Le blé français concurrencé dans les moulins d’Algérie

Pour une consommation annuelle de dix millions de tonnes de blé l’Algérie n’en produit environ que quatre millions. Le déficit des six millions est couvert par l’importation pour le prix d’environ 180 euros la tonne sur le marché européen.

C’est une quantité difficile à comprimer parce que le blé est un produit stratégique, garant de la paix sociale dans le pays où la population augmente d’un million de personnes par an.

L’Algérie est le 3e importateur mondial de blé.

La semaine dernière, elle a lancé une commande de 120.000 tonnes. En mars, elle avait fait une commande de 450.000 tonnes pour livraison entre mi-avril et mi-mai Si l’origine n’est pas connue elle devrait être en partie française.
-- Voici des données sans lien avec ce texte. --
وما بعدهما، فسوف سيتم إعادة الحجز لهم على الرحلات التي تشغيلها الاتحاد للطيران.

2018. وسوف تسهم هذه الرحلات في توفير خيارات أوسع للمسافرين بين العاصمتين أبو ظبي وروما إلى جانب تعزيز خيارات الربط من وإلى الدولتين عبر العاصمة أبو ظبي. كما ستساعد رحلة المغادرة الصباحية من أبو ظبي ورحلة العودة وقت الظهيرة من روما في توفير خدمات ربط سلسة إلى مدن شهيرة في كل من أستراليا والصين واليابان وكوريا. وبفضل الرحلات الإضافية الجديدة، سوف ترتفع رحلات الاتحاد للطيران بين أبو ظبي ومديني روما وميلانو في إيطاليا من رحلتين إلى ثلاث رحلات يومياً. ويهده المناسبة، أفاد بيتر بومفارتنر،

L’Hexagone exporte 40% de sa production de blé tendre vers l’Algérie, faisant de ce produit un élément important de la relation commerciale entre les deux pays. Pourtant, les parts de marché de la France se sont réduites. Elles ont été de 40% en 2017 contre 63% pour la période 2009 à 2016. Après un petit rebond en 2018, la tendance s’est encore inversée au premier trimestre 2019. Les perspectives sont plutôt sombres, selon une étude des Chambres de l’Agriculture, citée par pleinchamp.com.

« L’année 2019 s’annonce très incertaine pour les opérateurs français exportant du blé en Algérie », prévient l’étude.
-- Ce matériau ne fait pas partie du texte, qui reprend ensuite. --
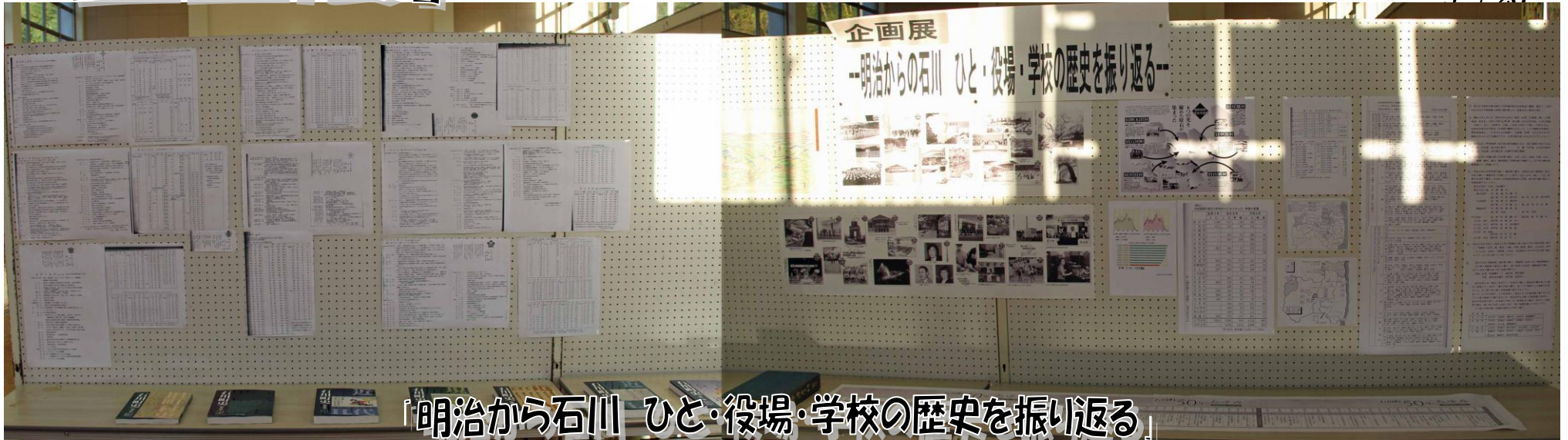
「明治から石川 ひと・役場・学校の歴史を振り返る」

A cela, plusieurs facteurs : une hausse de la production locale et le choix de nouveaux fournisseurs à l’instar de l’Argentine qui a conquis la deuxième place. S’y greffe aussi la situation économique induite par la maintien des prix du pétrole à un niveau bas. L’érosion des réserves de change, de la valeur du dinar et la baisse des dépenses publiques empêchent le pays d’augmenter ses importations.
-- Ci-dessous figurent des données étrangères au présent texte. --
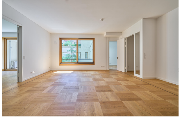
Wohnzimmer mit 3m Deckenhöhe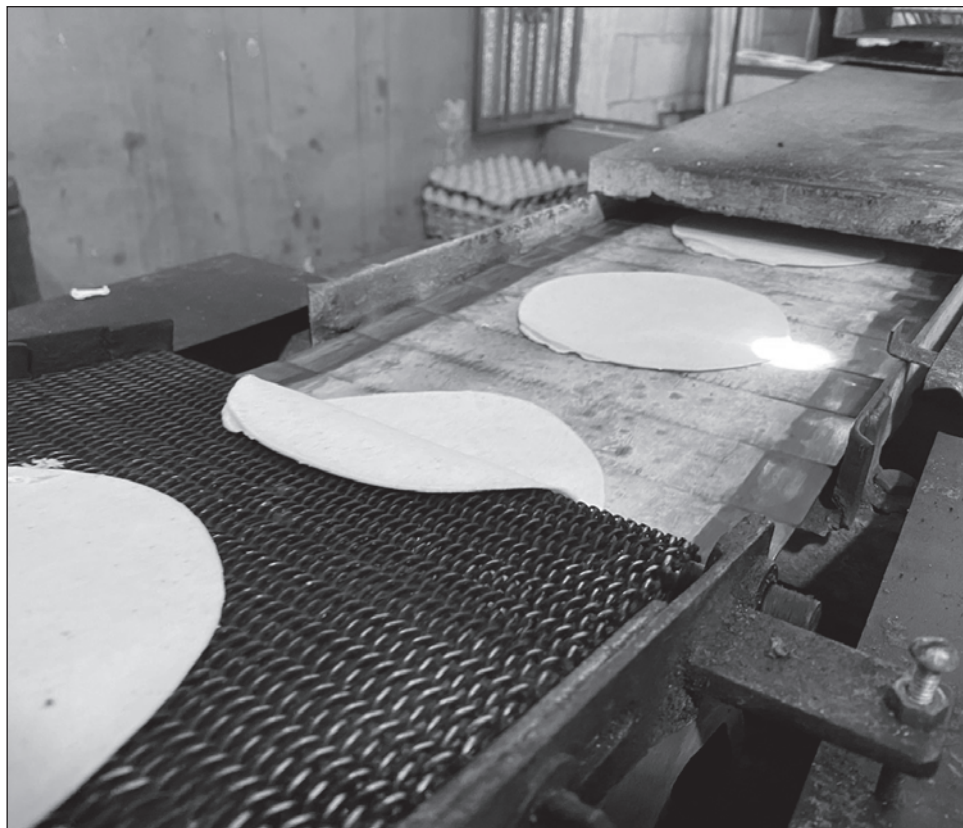
▲ La tortilla es consumido por 98.6 por ciento de los hogares mexicanos.

El hecho de que prácticamente todas las familias mexicanas consumen tor-

Désormais, la France doit aussi composer avec un autre facteur: l’arrivée au rang des fournisseurs de la Russie dont le blé est réputé riche en protéines. Selon la presse spécialisée, plusieurs rencontres entre des délégations algériennes et russes ont eu lieu en 2018. De leur coté, les représentants du ministère de l’agriculture et de l’Office algérien interprofessionnel des céréales (OAIC) ont plusieurs fois déclaré être très intéressés par l’achat de blé russe. Un premier lot test de 40 tonnes de blé russe a d’ailleurs été importé début 2019, les autorités algériennes souhaitant d’abord expérimenter la qualité de ce blé avant de procéder à des achats de plus grande envergure.

Au regard de la force de frappe de Moscou sur le marché international du blé (37 millions de tonnes de blé exporté pour la campagne 2018/2019), l’Algérie apparaît comme un marché prometteur pour l’expansion de son activité commerciale céréalière.

Face à ses propres contraintes environnementales et à la concurrence des épis russes, la France a lancé le « plan protéines » en direction des marchés africains où la tenue de la pâte exige ds taux de protéines importants. Dans le monde, « il y a une hausse forte de la classe moyenne et cette classe moyenne est de plus en plus en attente de qualitatif, de sanitaire, ça va de soi, mais aussi de démarches respectueuses de l’environnement et de démarches sociétales », disait récemment Eric Thirouin, le nouveau président de l’Association générale des producteurs de lé (AGPB). « C’est valable en Orient, c’est valable en Asie, mais il y a aussi des attentes qui sont en train de pointer en Afrique. Sur tous ces marchés-là, on a certainement quelque chose à valoriser », a-t-il ajouté.

Lors du congrès où il a été élu le mois dernier, il a ainsi présenté un projet de label Haute Valeur Environnementale adapté à la filière céréalière. Une démarche qui semble vouloir séduire autant les marchés extérieurs que l’opinion publique française et notamment les leaders d’opinion: selon un sondage commandé par l’AGPB, seulement 53% des cadres ont une bonne image des céréaliers, contre 74% de la population française dans son ensemble.